Engineers successfully seal leaking end of busted oil well in the Gulf of Mexico

By Laura Leigh Davidson | null null , null

Another barrier has been put between the Gulf of Mexico and the busted oil well that has been polluting its waters, threatening its wildlife, and hurting the economy of surrounding coastal communities.

Engineers forced 2,300 barrels of mud into the well this week, pushing the surging oil back through well pipes closer to its source on the ocean floor. After two days of tests, scientists are satisfied that the mud barriers are effectively plugging the gushing well.
 
On Thursday, engineers will top the mud with masses of cement to ensure that the oil does not push through the mud barriers they have created. This process is called a "static kill," and should close off the wellhead for good. This positive development comes 108 days after the oil rig explosion that killed 11 people and began one of the worst oil spill disasters in history.
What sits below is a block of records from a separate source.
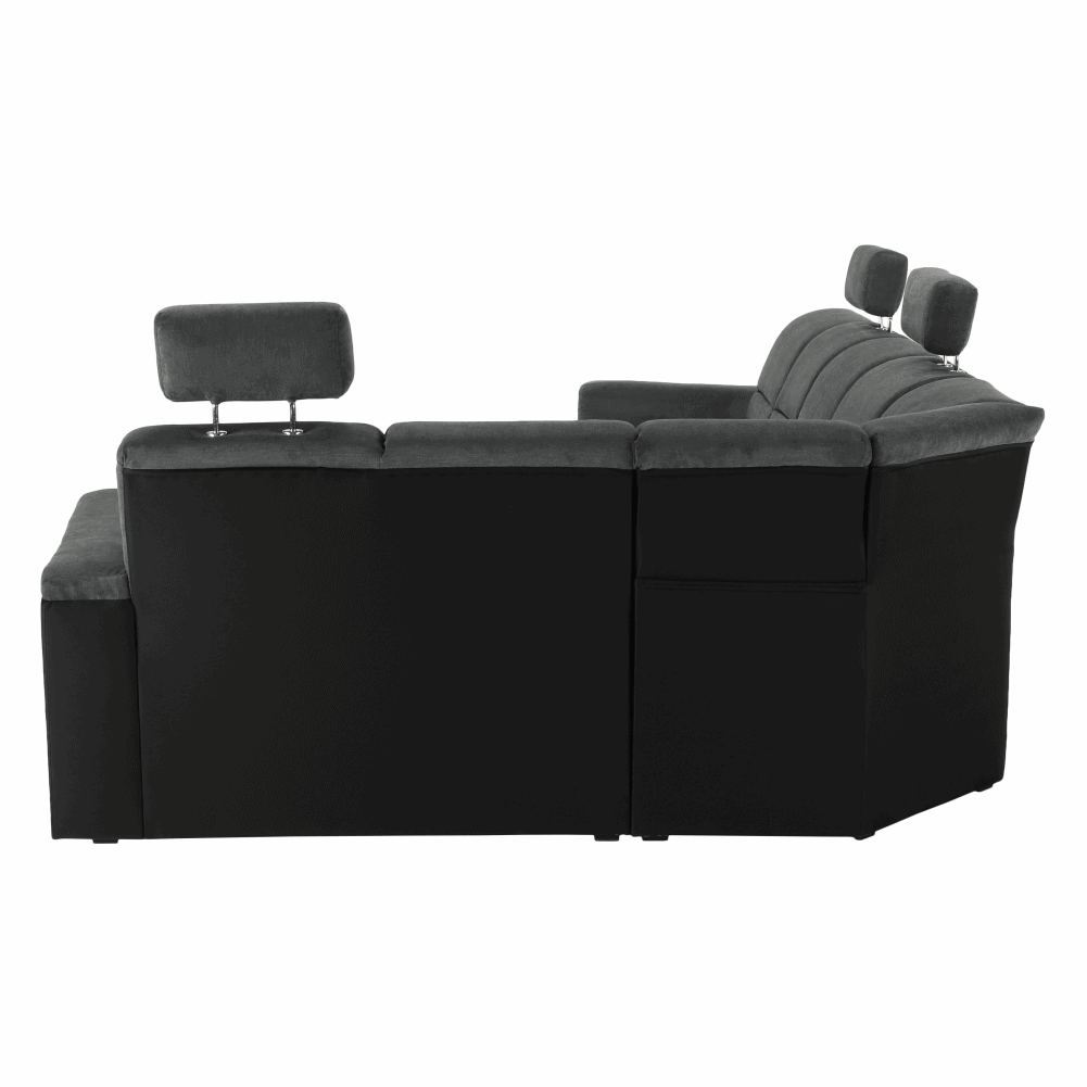Colţar, piele ecologică negru/material, model dreapta, SANTIAGO U
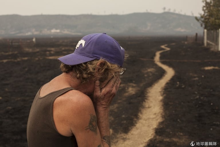 一名男子因為擔心家中房產被大火吞噬,已經很久都沒有睡個好覺,等他跑到現場發現房產付之一炬後,痛苦地將臉埋在雙掌間。
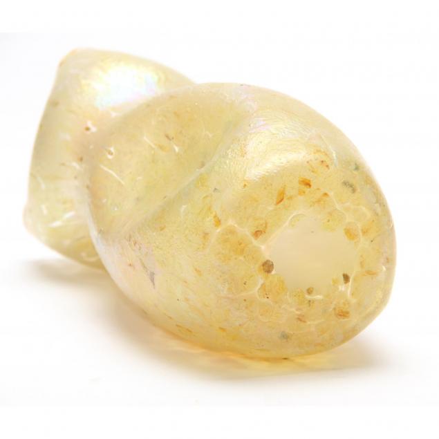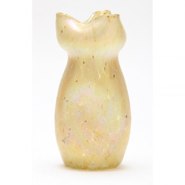 Circa 1900, pale green/yellow iridescent oil spot decoration, tooled rim, polished pontil, unmarked.
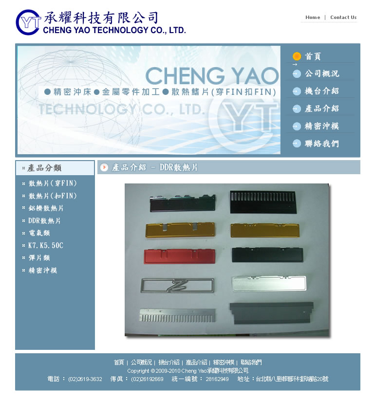 電子金屬製品、五金金屬製品、散熱片、隔離罩、彈片、五金配件、墊片、金屬代工、家具用金屬零配件、汽車零件、五金零件、電子零件、沖壓加工、沖壓零件、鋁擠型沖壓加工、精密沖模開發、加工…等客製品,敞司從事上述電子零件連續沖模、
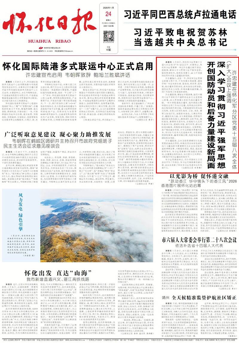 怀化日报全媒体讯  1月23日,怀化军分区党委十五届八次全体(扩大)会议召开。市委书记、怀化军分区党委第一书记许忠建出席并讲话。他强调,要深入学习贯彻习近平强军思想,强化使命担当,狠抓任务落实,奋力开创国防动员和后备力量建设新局面。
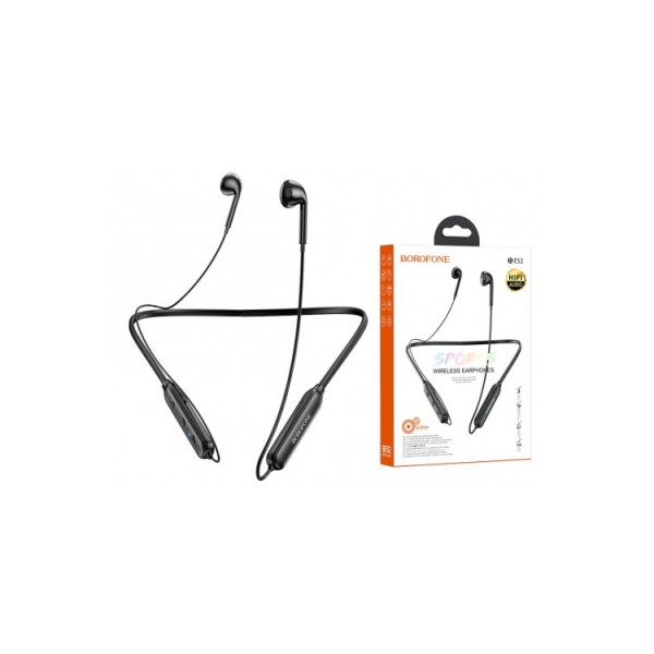 Беспроводные наушники BOROFONE BE52 адаптированы для спортсменов. Они соединяются между собой при помощи шнурка. Их форма позволяет длительное и комфортное ношение наушников. При этом они плотно сидят и не слетают даже при активных занятиях спортом. Преимущества: качественный звук; удобное управление; использование в качестве гарнитуры; модный дизайн. Наушники соединяются с телефоном при помощи Bluetooth. Технология позволяет пользоваться наушниками в радиусе около 10 метров от смартфона. Для регулировки уровня звука и управления используется пульт. Три основных кнопки позволяют в полной мере контролировать воспроизведение, при этом являясь практически незаметными. Наушники имеют встроенный микрофон, что позволяет использовать их во время звонков. Зарядки наушников хватает на 10 часов активного использования.

Although the static kill has successfully plugged the leaking oil well, work on two relief wells on the ocean floor will continue. These wells are meant to cut off the flow of oil at its source, which is the most effective way to eliminate any chance of oil escaping from the well ever again.

Oil in the Water

U.S. government scientists estimate that more than 200 million gallons of oil have spilled into Gulf waters since April 20. But according to a government report released on Wednesday, only a quarter of that amount remains below the ocean's surface or on Gulf shores. To be clear, that's still roughly 50 million gallons of oil that remain a threat to the Gulf's wildlife and environment.

What happened to the majority of the oil spilled over the past four months? According to the report, a temporary containment cap collected much of it, some has already been cleaned up or dispersed by chemicals, and a small amount has naturally evaporated or dissolved.

BP, the company operating the oil rig at the time of the explosion, and the government have vowed that cleanup efforts will continue until the parts of the Gulf Coast affected by the spill are restored to what they were before the disaster began.

TRACKING THE OIL-SPILL DISASTER

Scholastic News Online has been tracking the oil spill in the Gulf of Mexico. Click here for a collection of news stories, video, a kids' poll, and other resources that will grow as the events of this environmental disaster unfold.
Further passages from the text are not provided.